Calculate $2^{48} \equiv x \mod 140$

Question

I've calculated the following equation and I've got this:

Does there exist an easier solution?

Answer 1

It seems that you have obtained the exponent as $48=\varphi(140)$.

We could use Euler's theorem in combination with Chinese remainder theorem.

Namely we have $$2^{\varphi(35)}\equiv 1 \pmod{35}$$ by Fermat's theorem.
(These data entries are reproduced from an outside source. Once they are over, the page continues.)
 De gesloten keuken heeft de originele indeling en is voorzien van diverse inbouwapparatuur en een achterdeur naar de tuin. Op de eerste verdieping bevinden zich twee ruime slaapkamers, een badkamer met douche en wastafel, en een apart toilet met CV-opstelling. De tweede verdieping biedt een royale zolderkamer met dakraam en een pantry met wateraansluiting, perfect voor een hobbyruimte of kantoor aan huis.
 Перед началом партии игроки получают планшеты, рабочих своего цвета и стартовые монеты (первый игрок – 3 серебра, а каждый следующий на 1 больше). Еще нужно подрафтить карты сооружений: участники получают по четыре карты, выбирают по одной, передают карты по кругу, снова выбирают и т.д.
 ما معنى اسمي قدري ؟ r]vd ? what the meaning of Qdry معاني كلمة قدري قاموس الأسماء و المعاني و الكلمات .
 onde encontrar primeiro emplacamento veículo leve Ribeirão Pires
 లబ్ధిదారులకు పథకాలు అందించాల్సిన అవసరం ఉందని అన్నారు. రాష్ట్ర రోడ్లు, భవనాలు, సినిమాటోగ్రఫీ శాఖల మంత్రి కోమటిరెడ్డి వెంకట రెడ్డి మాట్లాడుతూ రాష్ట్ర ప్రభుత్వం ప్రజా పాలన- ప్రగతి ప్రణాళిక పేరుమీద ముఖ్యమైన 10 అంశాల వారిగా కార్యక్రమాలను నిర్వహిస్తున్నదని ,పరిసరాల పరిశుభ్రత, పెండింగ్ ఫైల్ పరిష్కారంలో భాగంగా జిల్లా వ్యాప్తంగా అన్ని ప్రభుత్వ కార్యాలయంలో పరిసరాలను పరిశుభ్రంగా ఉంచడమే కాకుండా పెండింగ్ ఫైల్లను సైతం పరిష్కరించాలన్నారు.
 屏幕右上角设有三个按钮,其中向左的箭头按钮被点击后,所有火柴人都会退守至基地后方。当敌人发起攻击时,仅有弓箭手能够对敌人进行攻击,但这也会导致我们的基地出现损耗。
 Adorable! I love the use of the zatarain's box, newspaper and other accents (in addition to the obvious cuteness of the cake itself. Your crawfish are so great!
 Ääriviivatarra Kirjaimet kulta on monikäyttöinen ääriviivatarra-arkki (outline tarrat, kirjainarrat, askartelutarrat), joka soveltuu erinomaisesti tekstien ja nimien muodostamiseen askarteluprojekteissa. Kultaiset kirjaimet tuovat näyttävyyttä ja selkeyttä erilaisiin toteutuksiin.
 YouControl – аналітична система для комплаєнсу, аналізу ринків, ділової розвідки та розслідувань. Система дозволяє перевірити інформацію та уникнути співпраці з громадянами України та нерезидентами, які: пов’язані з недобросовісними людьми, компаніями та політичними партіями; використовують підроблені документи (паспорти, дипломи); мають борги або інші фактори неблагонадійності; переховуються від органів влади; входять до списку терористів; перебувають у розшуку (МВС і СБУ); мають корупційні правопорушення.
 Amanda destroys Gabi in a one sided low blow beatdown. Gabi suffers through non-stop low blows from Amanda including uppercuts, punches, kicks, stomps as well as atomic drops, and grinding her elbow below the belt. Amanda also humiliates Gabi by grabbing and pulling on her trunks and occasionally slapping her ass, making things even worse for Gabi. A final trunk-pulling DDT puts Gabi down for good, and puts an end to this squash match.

Consequently, we also have $2^{\varphi(140)}\equiv 1 \pmod{35}$. It is clear that $4\mid 2^{48}$, hence $2^{\varphi{140}}\equiv 0 \pmod4$.

The system of congruences \begin{align*} 2^{\varphi(140)}&\equiv 1 \pmod{35}\\ 2^{\varphi(140)}&\equiv 0 \pmod{4} \end{align*} has a unique solution modulo $4\cdot 35=140$. It is not difficult to find that it is $$2^{\varphi(140)}\equiv 36 \pmod{140},$$ since we only have four possibilities $1$, $36$, $71$ and $106$ fulfilling the first congruence.

Answer 2

$2^{48} = (2^8)^6 = 256^6 \equiv(-24)^6 = 576^3 \equiv 16^3 = 4096 \equiv 36 \pmod {140}$

Answer 3

$2^{48} \equiv 0 \bmod 4$

$2^{48} = (2^2)^{24} \equiv (-1)^{24} \equiv 1 \bmod 5$

$2^{48} = (2^3)^{16} \equiv (1)^{24} \equiv 1 \bmod 7$

So $2^{48} \bmod 140$ must be a multiple of $4$ of the form $1+35k$. We get $36$ for $k=1$.